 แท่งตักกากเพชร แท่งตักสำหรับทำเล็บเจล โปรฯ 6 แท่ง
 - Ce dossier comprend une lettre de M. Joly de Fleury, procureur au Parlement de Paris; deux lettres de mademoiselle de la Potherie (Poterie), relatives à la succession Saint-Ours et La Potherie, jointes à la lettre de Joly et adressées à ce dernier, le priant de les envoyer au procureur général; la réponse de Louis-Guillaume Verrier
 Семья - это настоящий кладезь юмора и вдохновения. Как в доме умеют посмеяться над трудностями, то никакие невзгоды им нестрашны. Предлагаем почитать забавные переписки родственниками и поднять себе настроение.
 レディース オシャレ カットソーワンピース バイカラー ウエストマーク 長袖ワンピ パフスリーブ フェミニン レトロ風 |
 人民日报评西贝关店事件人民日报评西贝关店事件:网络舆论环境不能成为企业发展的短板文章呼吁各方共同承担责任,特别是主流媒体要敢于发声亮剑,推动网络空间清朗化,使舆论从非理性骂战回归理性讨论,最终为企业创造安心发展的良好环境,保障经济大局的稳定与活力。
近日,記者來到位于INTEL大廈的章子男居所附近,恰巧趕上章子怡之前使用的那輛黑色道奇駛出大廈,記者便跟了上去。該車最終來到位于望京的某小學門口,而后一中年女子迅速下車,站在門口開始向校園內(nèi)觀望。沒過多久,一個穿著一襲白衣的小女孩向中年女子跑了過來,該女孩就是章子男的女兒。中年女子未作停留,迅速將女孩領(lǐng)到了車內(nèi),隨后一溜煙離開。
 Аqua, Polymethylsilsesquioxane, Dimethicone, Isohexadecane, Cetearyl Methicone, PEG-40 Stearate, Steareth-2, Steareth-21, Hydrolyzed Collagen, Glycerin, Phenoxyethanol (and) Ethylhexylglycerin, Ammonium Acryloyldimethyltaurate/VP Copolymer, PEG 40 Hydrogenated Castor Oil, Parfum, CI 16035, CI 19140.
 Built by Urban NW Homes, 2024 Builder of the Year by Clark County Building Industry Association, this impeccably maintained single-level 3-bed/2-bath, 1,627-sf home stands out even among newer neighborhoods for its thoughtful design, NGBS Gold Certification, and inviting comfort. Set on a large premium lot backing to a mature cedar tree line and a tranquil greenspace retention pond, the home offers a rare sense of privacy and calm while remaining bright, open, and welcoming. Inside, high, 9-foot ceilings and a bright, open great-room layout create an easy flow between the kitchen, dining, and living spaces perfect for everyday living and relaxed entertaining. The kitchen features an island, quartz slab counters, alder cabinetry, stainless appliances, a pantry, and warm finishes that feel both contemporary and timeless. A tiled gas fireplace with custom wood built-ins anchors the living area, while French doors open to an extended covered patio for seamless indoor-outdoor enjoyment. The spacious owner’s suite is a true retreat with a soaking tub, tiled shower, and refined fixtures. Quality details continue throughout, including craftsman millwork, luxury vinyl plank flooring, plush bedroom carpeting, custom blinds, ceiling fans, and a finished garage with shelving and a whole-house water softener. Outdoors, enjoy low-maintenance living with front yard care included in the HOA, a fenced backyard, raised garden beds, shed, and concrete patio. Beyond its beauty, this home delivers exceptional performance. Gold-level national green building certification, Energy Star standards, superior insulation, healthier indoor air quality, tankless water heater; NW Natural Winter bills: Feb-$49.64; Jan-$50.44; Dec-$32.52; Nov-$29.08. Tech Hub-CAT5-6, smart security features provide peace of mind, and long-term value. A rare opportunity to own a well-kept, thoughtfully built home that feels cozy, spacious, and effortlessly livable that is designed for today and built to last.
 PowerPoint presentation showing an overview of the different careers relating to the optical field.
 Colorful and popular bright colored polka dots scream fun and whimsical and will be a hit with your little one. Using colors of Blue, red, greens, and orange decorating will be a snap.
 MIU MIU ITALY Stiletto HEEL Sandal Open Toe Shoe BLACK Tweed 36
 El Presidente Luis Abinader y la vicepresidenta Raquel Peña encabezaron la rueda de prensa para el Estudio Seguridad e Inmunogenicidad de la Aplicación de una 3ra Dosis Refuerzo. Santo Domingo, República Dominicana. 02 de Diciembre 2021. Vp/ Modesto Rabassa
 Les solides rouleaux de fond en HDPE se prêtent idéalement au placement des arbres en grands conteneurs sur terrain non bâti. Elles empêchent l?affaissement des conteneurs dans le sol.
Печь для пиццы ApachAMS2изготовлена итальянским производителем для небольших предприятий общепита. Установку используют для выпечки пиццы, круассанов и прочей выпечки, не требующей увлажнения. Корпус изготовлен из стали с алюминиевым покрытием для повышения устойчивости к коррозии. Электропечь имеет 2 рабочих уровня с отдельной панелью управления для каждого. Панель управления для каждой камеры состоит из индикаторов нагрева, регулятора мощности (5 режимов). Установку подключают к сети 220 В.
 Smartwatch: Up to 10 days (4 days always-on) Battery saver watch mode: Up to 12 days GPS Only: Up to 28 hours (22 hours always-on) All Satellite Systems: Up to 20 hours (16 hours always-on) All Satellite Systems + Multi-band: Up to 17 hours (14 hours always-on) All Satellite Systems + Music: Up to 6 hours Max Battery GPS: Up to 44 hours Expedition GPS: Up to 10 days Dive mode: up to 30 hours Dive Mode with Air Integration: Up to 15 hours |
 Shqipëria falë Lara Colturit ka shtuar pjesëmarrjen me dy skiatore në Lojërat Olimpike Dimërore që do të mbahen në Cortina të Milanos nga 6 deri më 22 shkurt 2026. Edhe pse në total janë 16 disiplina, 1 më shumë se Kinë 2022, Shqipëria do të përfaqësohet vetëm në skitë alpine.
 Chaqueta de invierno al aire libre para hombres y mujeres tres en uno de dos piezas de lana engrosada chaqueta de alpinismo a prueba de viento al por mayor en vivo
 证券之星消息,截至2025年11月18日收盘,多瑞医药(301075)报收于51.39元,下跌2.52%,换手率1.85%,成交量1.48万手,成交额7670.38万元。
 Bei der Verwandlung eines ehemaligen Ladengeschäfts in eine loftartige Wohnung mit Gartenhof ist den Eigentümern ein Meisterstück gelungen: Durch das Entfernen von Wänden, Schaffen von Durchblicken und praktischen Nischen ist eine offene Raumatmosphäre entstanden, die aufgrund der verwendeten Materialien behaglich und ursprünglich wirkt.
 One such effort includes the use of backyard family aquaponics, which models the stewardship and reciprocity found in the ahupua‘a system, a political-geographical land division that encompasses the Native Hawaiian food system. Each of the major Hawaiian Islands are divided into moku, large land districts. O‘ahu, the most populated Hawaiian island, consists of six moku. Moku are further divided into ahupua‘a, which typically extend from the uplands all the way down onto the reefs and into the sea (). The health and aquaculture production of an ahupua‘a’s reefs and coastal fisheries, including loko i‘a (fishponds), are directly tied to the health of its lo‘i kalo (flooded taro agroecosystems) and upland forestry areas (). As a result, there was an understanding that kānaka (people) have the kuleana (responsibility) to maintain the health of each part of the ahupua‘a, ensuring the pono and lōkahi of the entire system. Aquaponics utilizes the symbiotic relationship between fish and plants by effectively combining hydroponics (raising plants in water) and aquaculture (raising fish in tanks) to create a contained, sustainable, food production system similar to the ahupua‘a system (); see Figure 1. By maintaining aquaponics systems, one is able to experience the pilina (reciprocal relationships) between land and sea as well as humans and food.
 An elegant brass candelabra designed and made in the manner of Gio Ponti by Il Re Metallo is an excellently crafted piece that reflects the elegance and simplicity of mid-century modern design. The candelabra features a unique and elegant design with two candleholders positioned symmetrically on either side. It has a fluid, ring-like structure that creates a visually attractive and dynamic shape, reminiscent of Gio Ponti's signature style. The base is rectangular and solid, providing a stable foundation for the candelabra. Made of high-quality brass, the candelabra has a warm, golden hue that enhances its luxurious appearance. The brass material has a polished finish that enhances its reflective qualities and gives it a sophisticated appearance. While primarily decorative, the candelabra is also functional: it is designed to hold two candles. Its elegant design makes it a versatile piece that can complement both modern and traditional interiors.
+ + + + + + +
Your task →
Please return every line from the first one in the records above down to the line containing "16035, CI 19140.", including both, exactly as written and nothing more.

Answer to the exercise →
 แท่งตักกากเพชร แท่งตักสำหรับทำเล็บเจล โปรฯ 6 แท่ง
 - Ce dossier comprend une lettre de M. Joly de Fleury, procureur au Parlement de Paris; deux lettres de mademoiselle de la Potherie (Poterie), relatives à la succession Saint-Ours et La Potherie, jointes à la lettre de Joly et adressées à ce dernier, le priant de les envoyer au procureur général; la réponse de Louis-Guillaume Verrier
 Семья - это настоящий кладезь юмора и вдохновения. Как в доме умеют посмеяться над трудностями, то никакие невзгоды им нестрашны. Предлагаем почитать забавные переписки родственниками и поднять себе настроение.
 レディース オシャレ カットソーワンピース バイカラー ウエストマーク 長袖ワンピ パフスリーブ フェミニン レトロ風 |
 人民日报评西贝关店事件人民日报评西贝关店事件:网络舆论环境不能成为企业发展的短板文章呼吁各方共同承担责任,特别是主流媒体要敢于发声亮剑,推动网络空间清朗化,使舆论从非理性骂战回归理性讨论,最终为企业创造安心发展的良好环境,保障经济大局的稳定与活力。
近日,記者來到位于INTEL大廈的章子男居所附近,恰巧趕上章子怡之前使用的那輛黑色道奇駛出大廈,記者便跟了上去。該車最終來到位于望京的某小學門口,而后一中年女子迅速下車,站在門口開始向校園內(nèi)觀望。沒過多久,一個穿著一襲白衣的小女孩向中年女子跑了過來,該女孩就是章子男的女兒。中年女子未作停留,迅速將女孩領(lǐng)到了車內(nèi),隨后一溜煙離開。
 Аqua, Polymethylsilsesquioxane, Dimethicone, Isohexadecane, Cetearyl Methicone, PEG-40 Stearate, Steareth-2, Steareth-21, Hydrolyzed Collagen, Glycerin, Phenoxyethanol (and) Ethylhexylglycerin, Ammonium Acryloyldimethyltaurate/VP Copolymer, PEG 40 Hydrogenated Castor Oil, Parfum, CI 16035, CI 19140.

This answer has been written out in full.